Every week, or so they say, 30 million people read TV Guide—a handy, perfect-bound service magazine that contains America’s TV listings, mini-profiles of people in television, and essays by known writers at loose ends, like Jay McInerney or Gloria Steinem. These essayists, who stipulate that they ordinarily dislike television, express in TV Guide happy surprise that one show or another strikes them as true to life. In 1988, Steinem praised Cagney & Lacey for reflecting “the reality of women’s lives.” In 1996, McInerney observed that Seinfeld was “like real life,” adding, “I know people like this.”

TV Guide has now published Fifty Years of Television, an anthology of its blue-ribbon pieces, together with photos and show summaries. I don’t know who spends $50 for a book like this—a heavy silver square that consumes as much as a quarter of a coffee table’s surface—but if you really like television (or have questions), it might be worth the cost, chiefly since its sturdy pages seem to show no smudges after a read-through—i.e.,  it’s easy in this holiday season to buy, read, wrap, and give.

The predictable images are here—Oswald, Challenger, Bronco—but Fifty Years of Television also contains surprises. Rather than give a simple chronology, it presents television as a long master day, profiling morning shows through daytime, evening, prime time, and late-night talk. This sequence enlivens its subject: You get the old with the new, so you’re disinclined to flip through merely to brood just one more time on the lost years during which you loved television with abandon.

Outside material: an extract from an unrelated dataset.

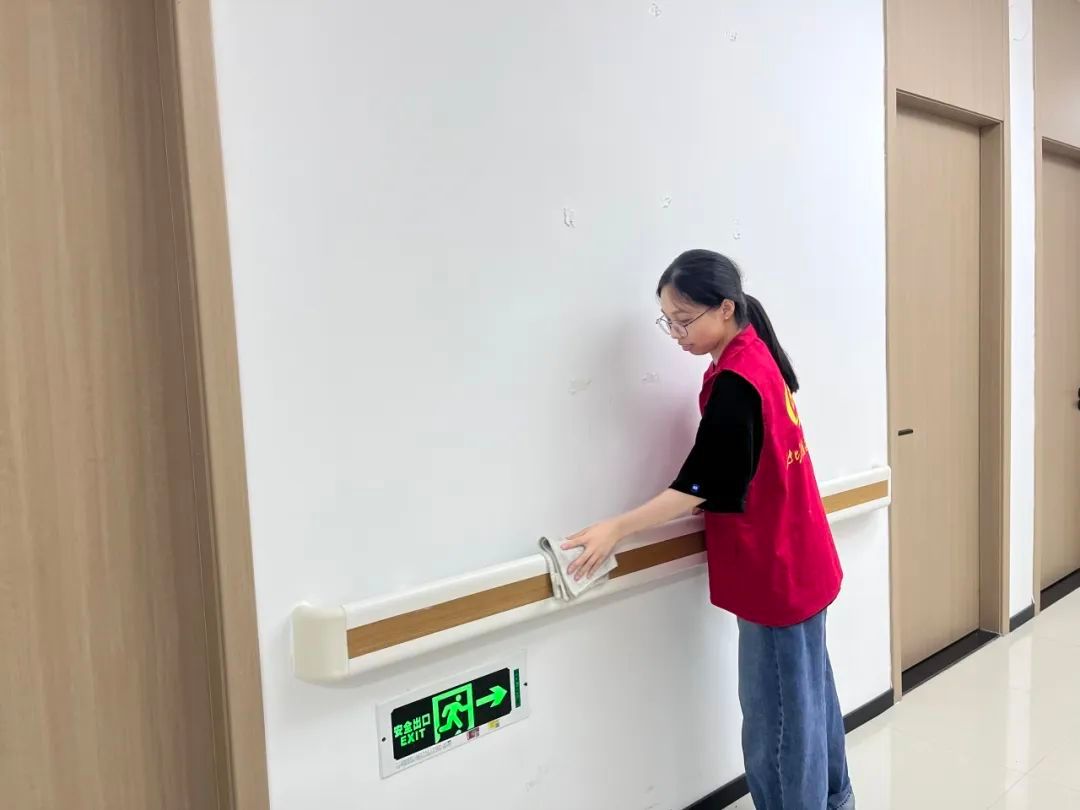 实践团脚步不止于图书馆,更延伸至社区养老院的各个角落。队员们定期携带清洁工具前往,细致擦拭门窗玻璃、桌椅扶手,认真清扫公共活动区域,彻底清除卫生死角;同时整理爱心伞、维护基础设施,用实实在在的劳动改善长者居住环境,让暖心关怀体现在每一处细节里。

The format has led to many cool curatorial choices: The morning section opens with an ultramodern cel from Warner Bros. showing Wile E. Coyote and Road Runner looking like sleek Italian furniture; at midday, there’s a coppery shot of Julia Child against a lilac-y shot of Martha Stewart; and, in dark of night, the book shows a still of a cocksure Johnny Carson with a clean-cut Woody Allen that manages to capture something of the complexity of comedy in the 1960s.

The pages of oral history also offer up curious details. Chevy Chase, for instance, takes a big bite of credit for Saturday Night Live’s success (“John Belushi was kind of upset that I became the star”). Rob Reiner admits that he was uncomfortable on the All in the Family set because he felt caught between the sensibilities of Carroll O’Connor and Norman Lear. David Duchovny sums up the appeal of sci-fi: “You can be moralistic and allegorical and get away with it.”

The book is also pervaded by the Steinem/McInerney argument that television is best when it’s most like life, and, moreover, that programming is on a steady progression from fake to real—from fantasy to verisimilitude—from the goody-good dreamland of the 1950s straight through to today’s hard-core reality. In the introduction, Mary Tyler Moore cites the bold leap taken by Carl Reiner when he ventured to depict “real spats” on The Dick Van Dyke Show. Edie Falco muses that, these days, “The Sopranos … is shocking and upsetting, but so is what really happens in our lives.”

There’s something obviously dubious about this—and the book, by rejecting straight chronology, also undermines the onward-and-upward model of TV history that accepts flawless naturalism as the medium’s ultimate goal. TV Guide has been covering this gay science for nearly 50 years; its editors are not impressed by would-be revolutions in programming anymore. Too many shows have billed themselves as breakthroughs in realism. Fifty Years in Television offers only gentle reminders that, in fact, for half a century nearly every producer who has put a show on the air has imagined that he or she is finally bringing truth to television.

“It’s honest, it’s adult, it’s realistic”—so John Wayne warned viewers before Bonanza airedin 1960. It turns out that even Ozzie Nelson created his show as a study in accurate representation. As he put it in TV Guide in 1963: “Most people are pretty nice.” And to that extent, Ozzie and Harriet—more even than The Sopranos—got human nature exactly right.